Considering the fundamental role of water vapour in climate, and the scarcity of information concerning its distribution, variability and long-term evolution, the SPARC Scientific Steering Group recognised the need for a critical review of the knowledge and understanding of the distribution of water vapour and its variability on time scales ranging from the seasonal to the long-term inter-annual. The lack of knowledge on water vapour also led to a large uncertainty in the prediction of climate change. Phase 1 of the SPARC Water Vapour Assessment (WAVAS-I) had been launched in 1998 with the objective to consolidate and review our understanding of the role of water vapour in the climate system and to make this assessment available to support the 2001 IPCC Third Assessment Report on Climate Change (TAR).
The WAVAS Report was published in 2000 as SPARC Report No. 2. In preparation for this report, great effort has been made to prepare the best data sets possible, to retrieve historical data sets, and to make them all available to the assessment team and to the wider community for independent verification of the results (find the data set at the SPARC Data Centre). This report contains an extensive description of the measurements and their associated uncertainties, an assessment of data quality based on comparison studies of the various data sets, and a description of the understanding of the distribution and variability of water vapour in the stratosphere and upper troposphere which ensues from the data. Finally, recommendations are made to ensure that the difficulties met during this work are overcome in order that the remaining uncertainties in our knowledge and understanding can be resolved.

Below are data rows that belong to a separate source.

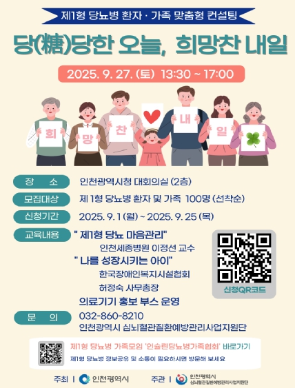 이번 컨설팅에는 약 100여 명의 환자와 가족이 참여할 예정이며, 관심 있는 시민은 9월 1일부터 25일까지 시 누리집에 게시된 온라인 정보무늬(QR코드) 사전 신청 또는 현장 접수를 통해 참여할 수 있다.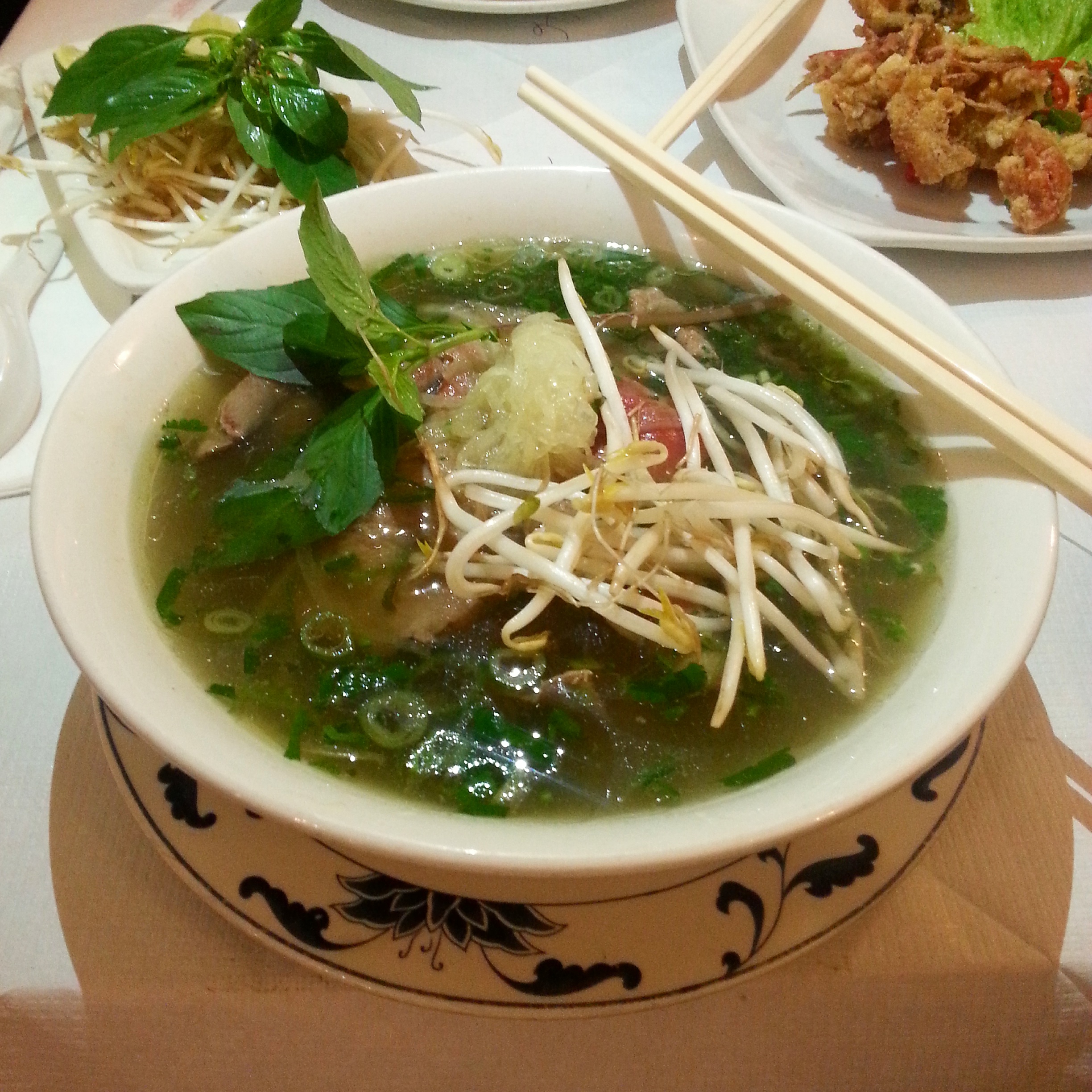Another Feast of Nations! There have been so many so close together but it’s so hard to decline when there are such interesting cuisines! I’ve eaten at Vietnamese restaurants before, but I was really keen to eat at Sông Quê Café tonight. Liz makes a real effort to find restaurants that serve authentic food and really stay true to that country’s cuisine. Mark and I wanted to try the traditional crispy pancake to start, but I also had my eye on the spicy soft-shell crab and just couldn’t resist. It was my first time trying soft-shell crab and it was just to die for and the portion size was pretty generous. The same can be said for the pancake which was also delicious and I would have been satisfied if I had been served that as a main course! But no – that was still to come! Mark and I both went for the Phở as that was clearly a specialty of the restaurant and a well-known Vietnamese staple. Again, the portion size was really impressive and the broth was rich and aromatic poured over the beef to cook it through. I loved every mouthful!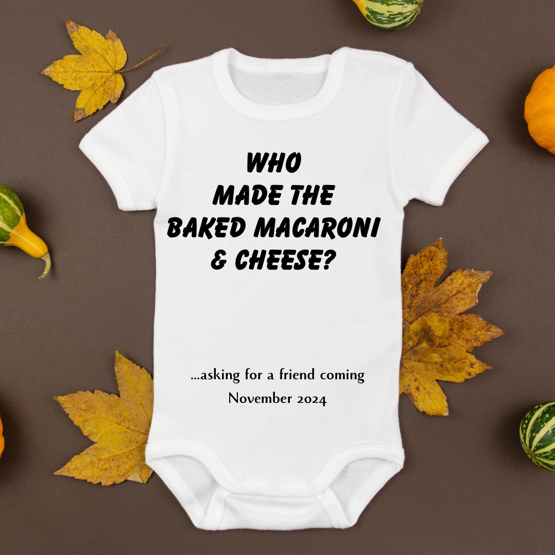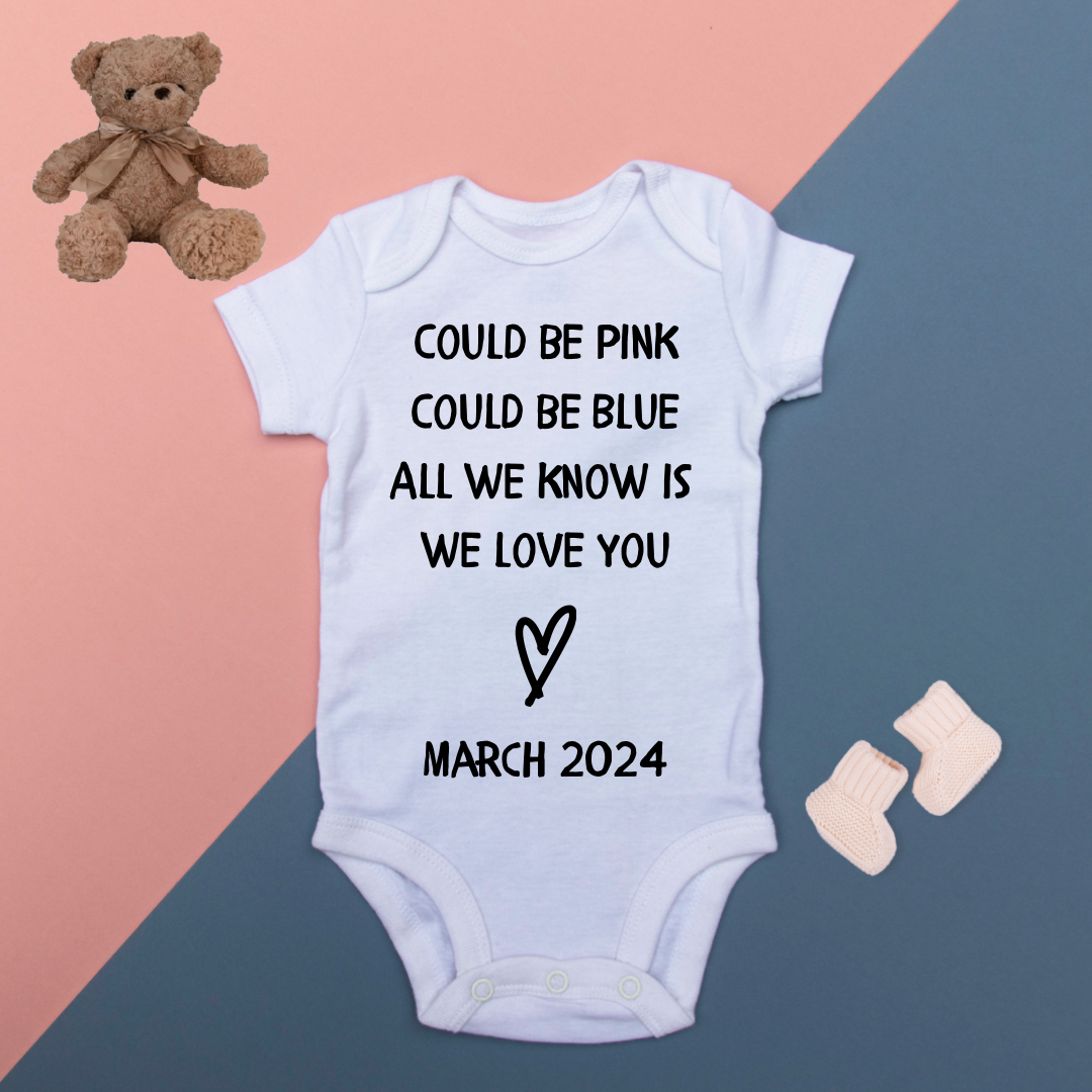Pregnancy announcement baby onesie for baby reveal keepsake. White onesie with the exact print design as displayed in photos (size will vary depending on availability)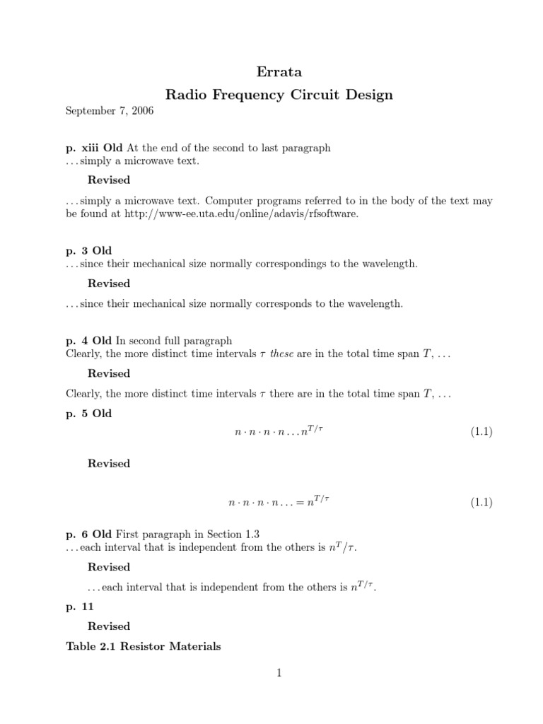 Errata Radio Frequency Circuit Design PDF Field Effect Transistor Mosfet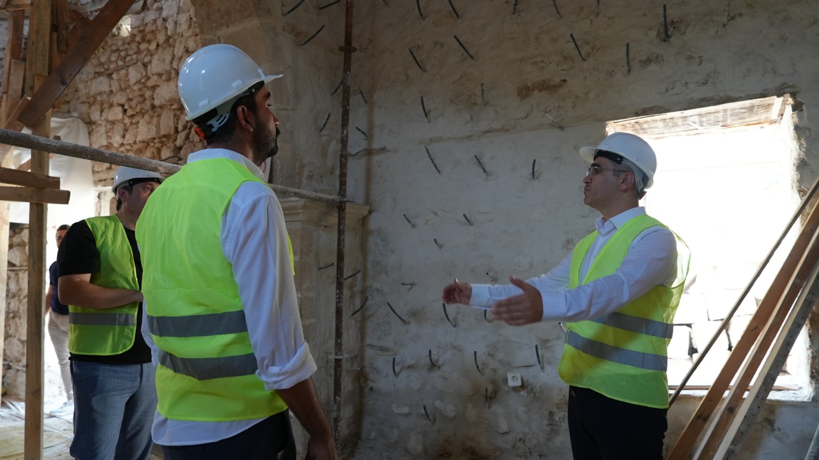 Kayseri Büyükşehir Belediyesi Genel Sekreter Yardımcısı Ufuk Sekmen ve Kent Tarihi ve Tanıtımı Daire Başkanı Gürcan Senem, Kahramanmaraş ili, Dulkadiroğlu ilçesi, Ekmekçi Mahallesi’nde bulunan ve korunması gerekli taşınmaz kültür varlığı olarak tescilli tarihi camide hummalı şekilde süren çalışmaları yerinde inceledi.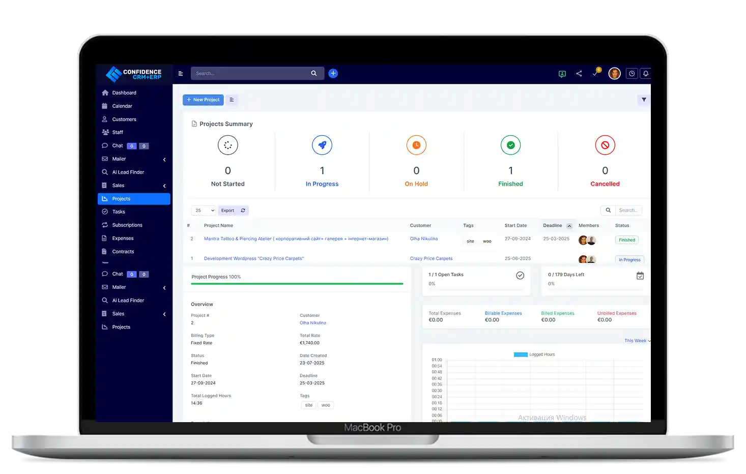Jebkura uzņēmuma panākumi ir atkarīgi no komandas efektivitātes un saskaņotības. Kad projektu skaits pieaug un uzdevumi un termiņi savijas, ir viegli zaudēt kontroli. Šajā gadījumā palīgā nāk mūsdienīga CRM sistēma, kas haosu pārvērš skaidri strukturētā procesā. Šajā rakstā mēs aplūkosim, kā tāds rīks kā Confidence CRM+ERP palīdz uzlabot projektu vadību, izmantojot iespējas, ko redzat ekrānuzņēmumā.

Phase 2 of WAVAS (WAVAS II) will provide an update to this first assessment.
Dieter Kley, Forschungszentrum, Germany
James M. Russell III, Hampton University, USA
SPARC Report No. 2 (2000) Upper Tropospheric and Stratospheric Water Vapour. D. Kley, J.M. Russell III, and C. Philips (eds.). WCRP-113, WMO/TD – No. 1043.
Rosenlof, K.H., S.J. Oltmans, D. Kley, J.M. Russell III, E.-W. Chiou, W.P. Chu, D.G. Johnson, K.K. Kelly, H.A. Michelsen, G.E. Nedoluha, E.E. Remsberg, G.C. Toon, M.P. McCormick (2001) Stratospheric water vapour increases over the past half-century. Geophysical Research Letters 28(7), pp. 1195-1198, DOI: 10.1029/2000GL012502
Ozone profile (I)
Phase 1 of the SPARC ozone profile activity (ozone profile I) was launched in 1994 to critically examine the underlying research in the existing ozone trends assessment, and to look at plans for the monitoring of ozone (space- and ground-based) to see if the gaps are filled and calibrations ensured. This scientific assessment was carried out jointly by SPARC and the International Ozone Commission (IOC), in close co-operation with WMO’s Global Atmospheric Watch programme (GAW). The assessment led to SPARC Report No. 1 (1998).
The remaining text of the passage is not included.